[[ Recorded data open ]]

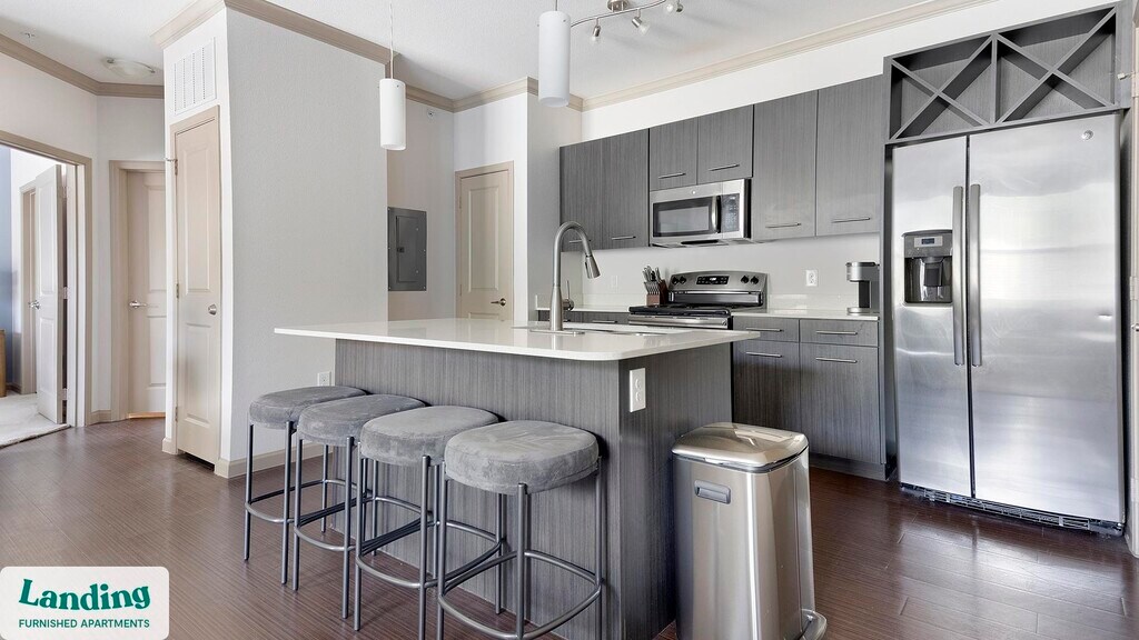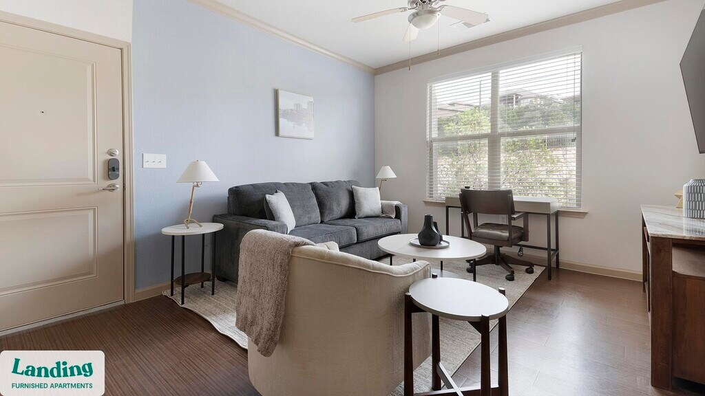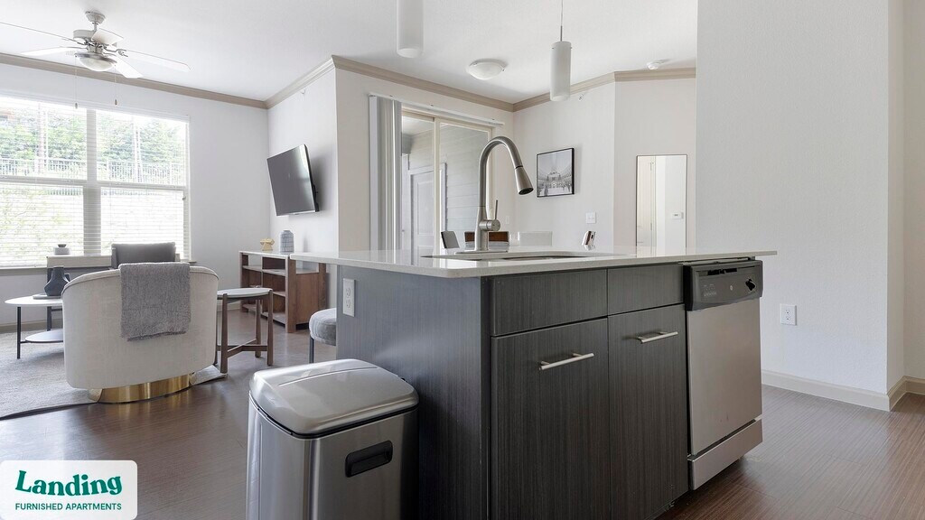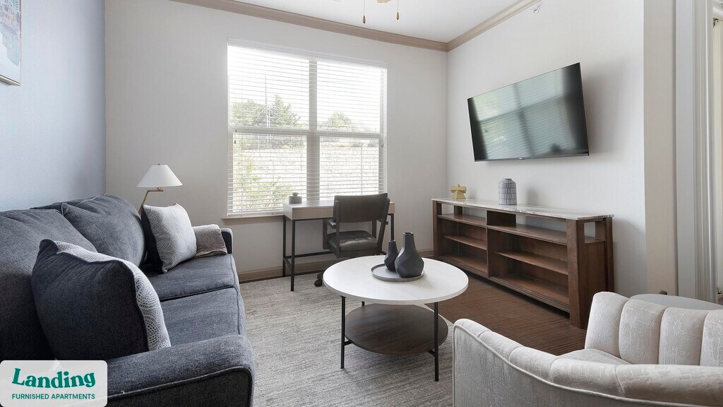 Landing offers flexible lease terms from weeks to months. Please always visit our website or contact us for the latest pricing & availability. Stay longer, save more: 6-Month Minimum base rent: starts at $1925/mo 12-Month Minimum base rent: starts at $1633/mo Landing offers flexible leases across a network of over 35,000 fully-furnished apartments throughout 375+ cities so you can rent on your terms, practically anywhere, and avoid the hassle of paying deposits or application fees. Visit to learn about all the benefits of a Landing membership, see our competitive up-to-date pricing, explore available apartments, take virtual tours, and make reservations online without jumping through traditional rental hoops. Landing's apartments at The View at Crownridge are designed for comfortable, easy living, with the ability to stay as long as you like. Experience living with Landing Every apartment is outfitted with all the modern essentials including: custom-designed furnishings, a fully-equipped kitchen with deluxe stainless steel appliances, a gourmet coffee maker, premium linens, Smart TVs, and incredibly fast, reliable internet for working from home. When you live with Landing, you'll enjoy a hassle-free experience with the added benefit of 24/7 access to our dedicated member experience team. Some of the nitty-gritty: a background check and proof of income are required; we're completely smoke-free; bundled utility packages and pricing vary based on length of stay; pet-friendly options available; listed price reflects a 12-month minimum stay.
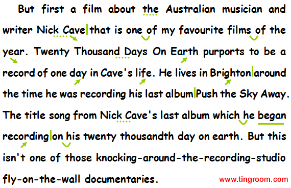 模仿文本:But first a film about the Australian musician and writer Nick Cave that is one of my favourite films of the year. 20,000 Days On Earth purports1 to be a record of one day in Cave's life. He lives in Brighton around the time he was recording2 his last album Push the Sky Away. The title song from Nick Cave's last album which he began recording on his 20,000th day on earth. But this isn't one of those knocking-around-the-recording-studio fly-on-the-wall documentaries.
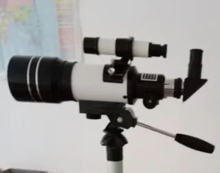 Pequeño telescopio, cómodo y practico, Incluye tres potentes oculares que compensan su corta distancia focal proporcionando una imagen nítida y clara gracias al objetivo acrómático de 70mm. con el que se pueden observar infinidad de cráteres y detalles de la Luna, los satélites de Júpiter girando alrededor de su esfera planetaria, Saturno y sus anillos, etc. Probado y revisado. El trípode está reparado, pero funciona bien. - Montura altazimutal de fácil manejo - Buscador y diagonal de espejo. - Trípode ajustable. - Mapa explicativo de la Luna
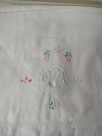 Parure letto matrimoniale Vintage composto da: lenzuolo sopra e due federe con ricamo floreale a mano
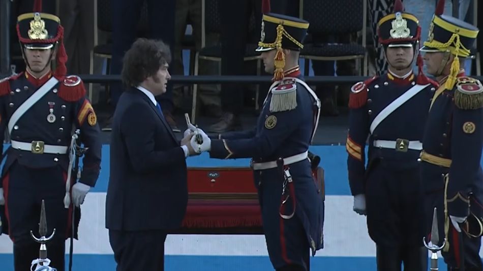 En un acto cargado de simbolismo histórico, el Presidente entregó el arma del Libertador al Regimiento de Granaderos. Destacó que el sable no es un “objeto neutro”, sino el emblema de una lucha contra un “Estado tiránico”.
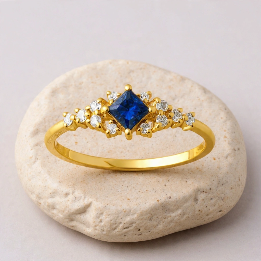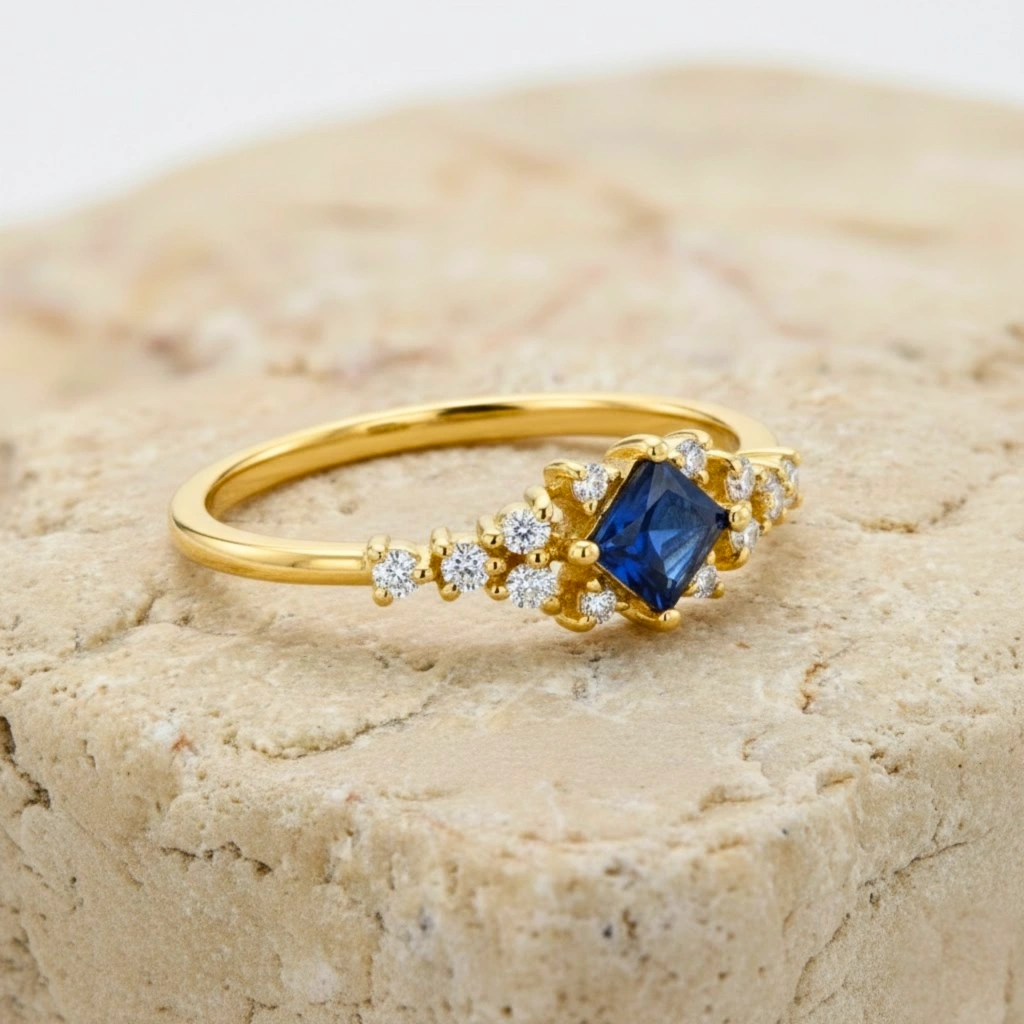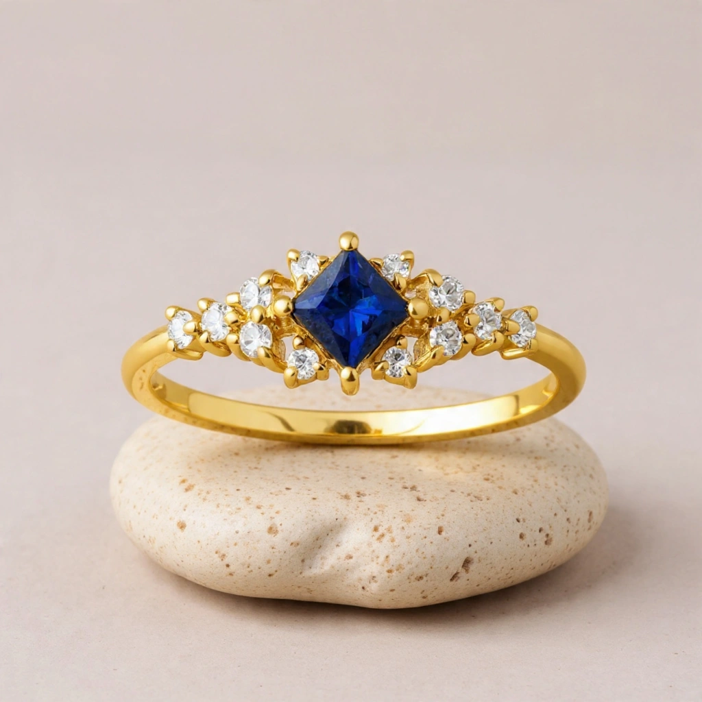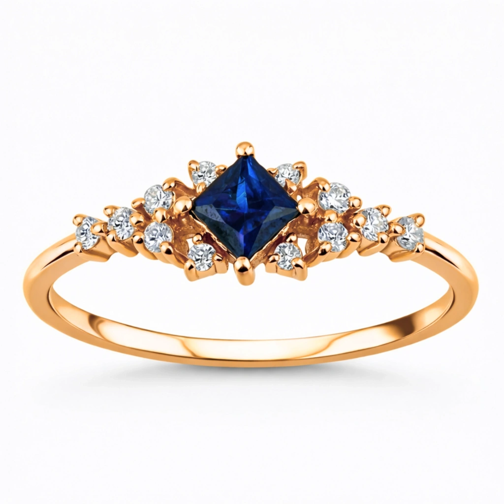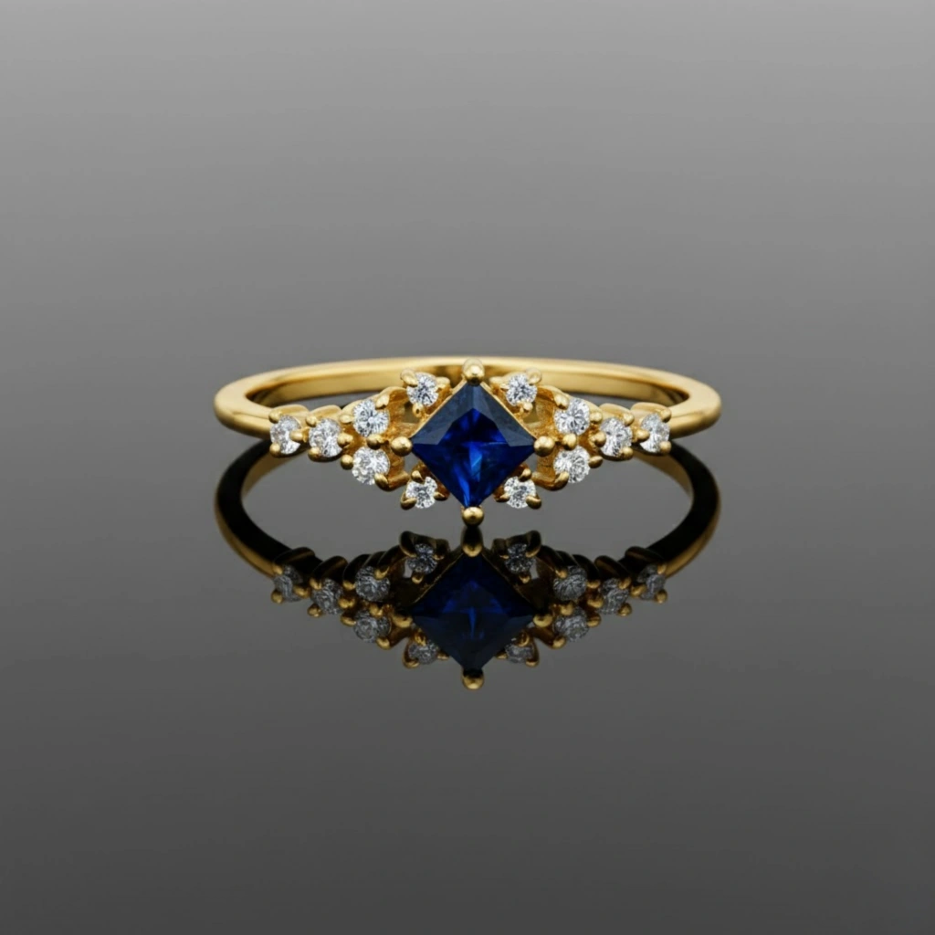 0.32 Karat Prenses Kesim Safir Pırlanta Yüzük

[[ Recorded data closed ]]

▶ **Instructions to follow**
Every line of the data above should be repeated exactly. Omit the pictures.

▶ **Task solution**
 Landing offers flexible lease terms from weeks to months. Please always visit our website or contact us for the latest pricing & availability. Stay longer, save more: 6-Month Minimum base rent: starts at $1925/mo 12-Month Minimum base rent: starts at $1633/mo Landing offers flexible leases across a network of over 35,000 fully-furnished apartments throughout 375+ cities so you can rent on your terms, practically anywhere, and avoid the hassle of paying deposits or application fees. Visit to learn about all the benefits of a Landing membership, see our competitive up-to-date pricing, explore available apartments, take virtual tours, and make reservations online without jumping through traditional rental hoops. Landing's apartments at The View at Crownridge are designed for comfortable, easy living, with the ability to stay as long as you like. Experience living with Landing Every apartment is outfitted with all the modern essentials including: custom-designed furnishings, a fully-equipped kitchen with deluxe stainless steel appliances, a gourmet coffee maker, premium linens, Smart TVs, and incredibly fast, reliable internet for working from home. When you live with Landing, you'll enjoy a hassle-free experience with the added benefit of 24/7 access to our dedicated member experience team. Some of the nitty-gritty: a background check and proof of income are required; we're completely smoke-free; bundled utility packages and pricing vary based on length of stay; pet-friendly options available; listed price reflects a 12-month minimum stay.
 模仿文本:But first a film about the Australian musician and writer Nick Cave that is one of my favourite films of the year. 20,000 Days On Earth purports1 to be a record of one day in Cave's life. He lives in Brighton around the time he was recording2 his last album Push the Sky Away. The title song from Nick Cave's last album which he began recording on his 20,000th day on earth. But this isn't one of those knocking-around-the-recording-studio fly-on-the-wall documentaries.
 Pequeño telescopio, cómodo y practico, Incluye tres potentes oculares que compensan su corta distancia focal proporcionando una imagen nítida y clara gracias al objetivo acrómático de 70mm. con el que se pueden observar infinidad de cráteres y detalles de la Luna, los satélites de Júpiter girando alrededor de su esfera planetaria, Saturno y sus anillos, etc. Probado y revisado. El trípode está reparado, pero funciona bien. - Montura altazimutal de fácil manejo - Buscador y diagonal de espejo. - Trípode ajustable. - Mapa explicativo de la Luna
 Parure letto matrimoniale Vintage composto da: lenzuolo sopra e due federe con ricamo floreale a mano
 En un acto cargado de simbolismo histórico, el Presidente entregó el arma del Libertador al Regimiento de Granaderos. Destacó que el sable no es un “objeto neutro”, sino el emblema de una lucha contra un “Estado tiránico”.
 0.32 Karat Prenses Kesim Safir Pırlanta Yüzük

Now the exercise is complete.